# [TASK DESCRIPTION]
Using the data that follows, return exactly the lines from the one that contains "Description 10kt White" through the one that contains "主题活动首先由网络工程学院党", ends included.

# [TASK MATERIAL]
^^^^^^^^^^^^^^^^

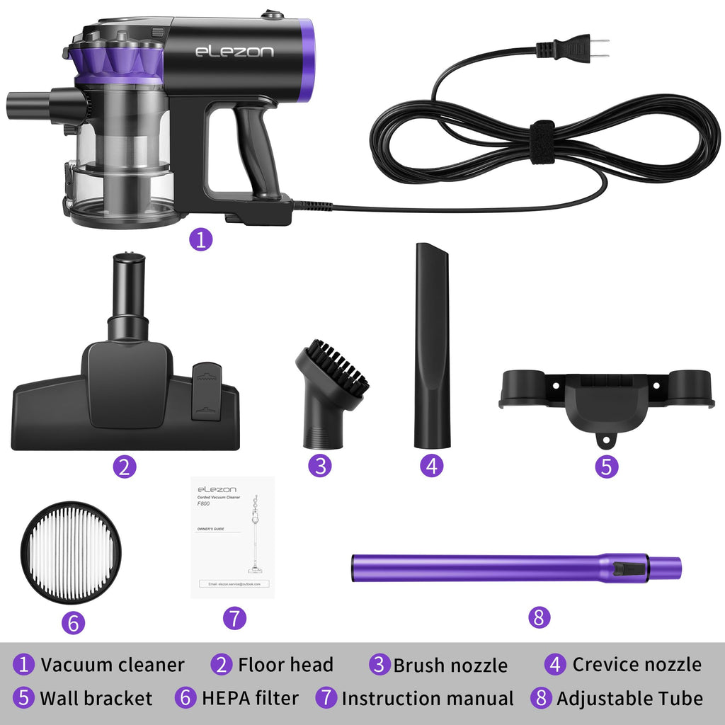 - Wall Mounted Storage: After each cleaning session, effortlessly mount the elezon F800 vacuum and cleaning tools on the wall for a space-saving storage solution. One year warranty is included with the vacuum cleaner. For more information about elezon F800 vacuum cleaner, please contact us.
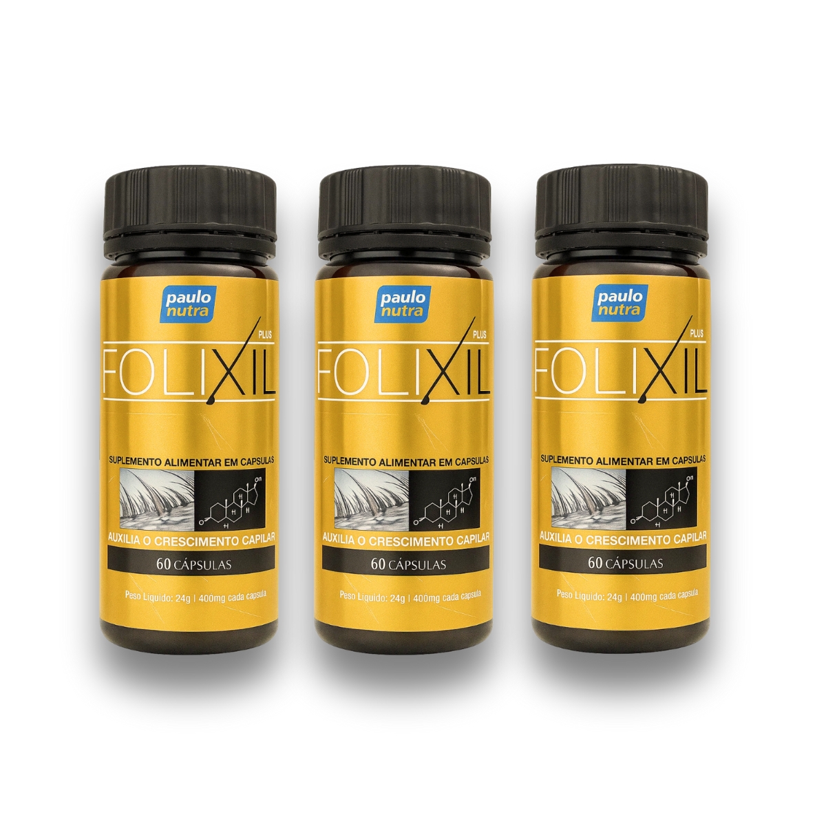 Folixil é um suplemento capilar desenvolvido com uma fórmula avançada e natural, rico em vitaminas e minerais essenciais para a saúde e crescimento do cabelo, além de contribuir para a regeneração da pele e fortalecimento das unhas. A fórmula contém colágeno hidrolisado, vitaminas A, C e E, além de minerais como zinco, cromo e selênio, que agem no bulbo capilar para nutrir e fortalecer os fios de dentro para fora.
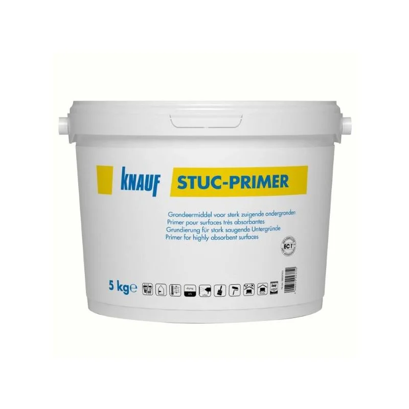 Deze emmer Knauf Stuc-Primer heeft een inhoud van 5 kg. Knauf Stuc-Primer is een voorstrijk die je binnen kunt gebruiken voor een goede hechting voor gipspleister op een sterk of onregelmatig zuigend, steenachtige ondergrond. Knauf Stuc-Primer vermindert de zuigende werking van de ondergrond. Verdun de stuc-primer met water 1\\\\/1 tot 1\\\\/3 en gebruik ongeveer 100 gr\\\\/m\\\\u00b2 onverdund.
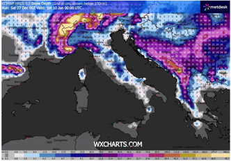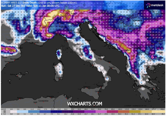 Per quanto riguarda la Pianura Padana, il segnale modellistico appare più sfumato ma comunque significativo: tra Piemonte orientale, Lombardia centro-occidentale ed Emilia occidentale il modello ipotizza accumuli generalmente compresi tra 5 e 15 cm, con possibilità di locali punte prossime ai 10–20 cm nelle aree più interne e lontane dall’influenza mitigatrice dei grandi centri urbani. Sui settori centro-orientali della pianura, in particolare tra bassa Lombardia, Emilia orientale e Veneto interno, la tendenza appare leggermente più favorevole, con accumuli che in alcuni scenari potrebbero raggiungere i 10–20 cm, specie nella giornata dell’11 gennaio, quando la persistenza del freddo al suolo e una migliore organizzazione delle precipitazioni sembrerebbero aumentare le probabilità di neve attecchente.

^^^^^^^^^^^^^^^^

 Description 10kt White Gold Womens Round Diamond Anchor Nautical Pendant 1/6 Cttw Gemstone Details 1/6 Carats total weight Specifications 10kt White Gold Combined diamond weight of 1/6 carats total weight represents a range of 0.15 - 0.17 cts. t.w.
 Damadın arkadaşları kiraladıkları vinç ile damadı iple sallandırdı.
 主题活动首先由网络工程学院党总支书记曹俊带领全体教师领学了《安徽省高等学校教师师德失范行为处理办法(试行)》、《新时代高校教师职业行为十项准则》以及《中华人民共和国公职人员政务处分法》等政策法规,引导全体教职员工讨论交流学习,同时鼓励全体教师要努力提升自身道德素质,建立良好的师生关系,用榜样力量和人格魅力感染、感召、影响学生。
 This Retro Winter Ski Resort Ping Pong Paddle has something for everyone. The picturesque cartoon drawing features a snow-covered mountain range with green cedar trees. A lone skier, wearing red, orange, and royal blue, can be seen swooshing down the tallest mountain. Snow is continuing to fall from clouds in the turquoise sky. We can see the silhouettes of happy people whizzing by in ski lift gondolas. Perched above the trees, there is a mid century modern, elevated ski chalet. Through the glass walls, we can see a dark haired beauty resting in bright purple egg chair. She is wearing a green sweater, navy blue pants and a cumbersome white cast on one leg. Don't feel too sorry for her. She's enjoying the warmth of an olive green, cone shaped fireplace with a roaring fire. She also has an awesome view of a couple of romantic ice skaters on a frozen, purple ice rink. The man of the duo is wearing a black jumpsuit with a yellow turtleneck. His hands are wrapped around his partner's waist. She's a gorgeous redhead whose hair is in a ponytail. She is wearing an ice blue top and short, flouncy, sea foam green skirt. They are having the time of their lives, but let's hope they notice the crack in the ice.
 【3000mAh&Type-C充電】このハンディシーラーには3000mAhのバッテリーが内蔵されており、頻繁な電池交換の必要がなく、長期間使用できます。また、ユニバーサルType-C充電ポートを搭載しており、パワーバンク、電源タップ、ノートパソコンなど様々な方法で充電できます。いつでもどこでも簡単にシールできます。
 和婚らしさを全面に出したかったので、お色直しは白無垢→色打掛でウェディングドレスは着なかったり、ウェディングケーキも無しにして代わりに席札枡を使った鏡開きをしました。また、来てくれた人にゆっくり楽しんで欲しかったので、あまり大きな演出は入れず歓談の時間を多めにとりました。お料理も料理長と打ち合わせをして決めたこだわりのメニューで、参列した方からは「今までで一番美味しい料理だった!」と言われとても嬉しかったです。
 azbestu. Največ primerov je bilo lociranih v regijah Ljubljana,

^^^^^^^^^^^^^^^^

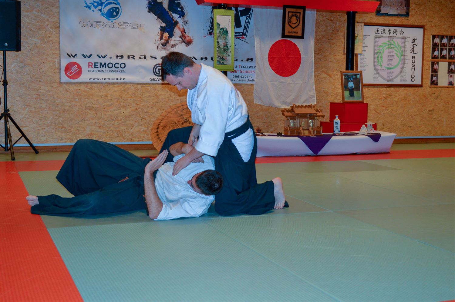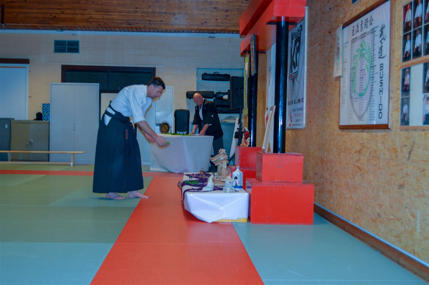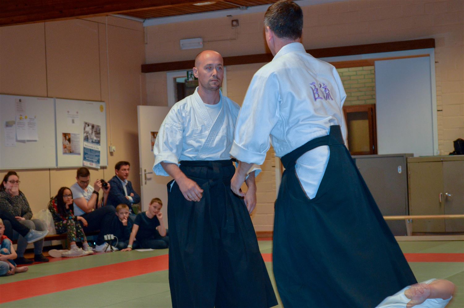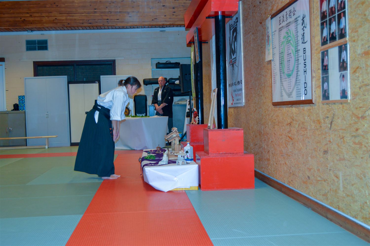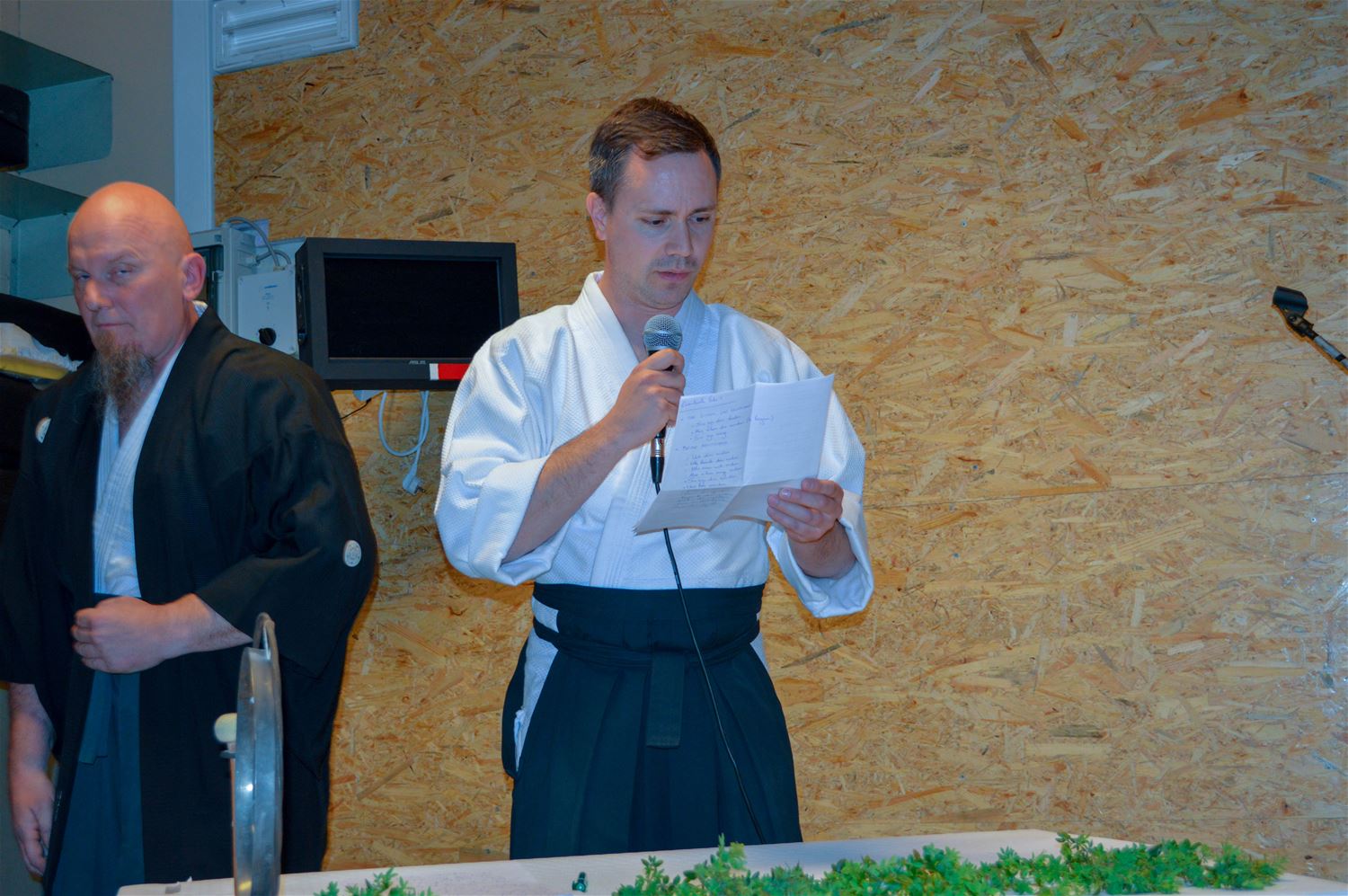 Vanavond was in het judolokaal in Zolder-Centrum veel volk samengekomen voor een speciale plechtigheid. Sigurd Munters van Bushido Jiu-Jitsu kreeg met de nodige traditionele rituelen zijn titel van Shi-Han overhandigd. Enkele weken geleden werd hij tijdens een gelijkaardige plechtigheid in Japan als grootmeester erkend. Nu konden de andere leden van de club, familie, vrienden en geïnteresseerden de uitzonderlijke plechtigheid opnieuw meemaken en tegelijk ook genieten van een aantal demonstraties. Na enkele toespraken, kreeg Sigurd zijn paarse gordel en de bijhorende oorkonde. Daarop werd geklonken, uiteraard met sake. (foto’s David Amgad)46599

^^^^^^^^^^^^^^^^

# [WRITTEN ANSWER]
 Description 10kt White Gold Womens Round Diamond Anchor Nautical Pendant 1/6 Cttw Gemstone Details 1/6 Carats total weight Specifications 10kt White Gold Combined diamond weight of 1/6 carats total weight represents a range of 0.15 - 0.17 cts. t.w.
 Damadın arkadaşları kiraladıkları vinç ile damadı iple sallandırdı.
 主题活动首先由网络工程学院党总支书记曹俊带领全体教师领学了《安徽省高等学校教师师德失范行为处理办法(试行)》、《新时代高校教师职业行为十项准则》以及《中华人民共和国公职人员政务处分法》等政策法规,引导全体教职员工讨论交流学习,同时鼓励全体教师要努力提升自身道德素质,建立良好的师生关系,用榜样力量和人格魅力感染、感召、影响学生。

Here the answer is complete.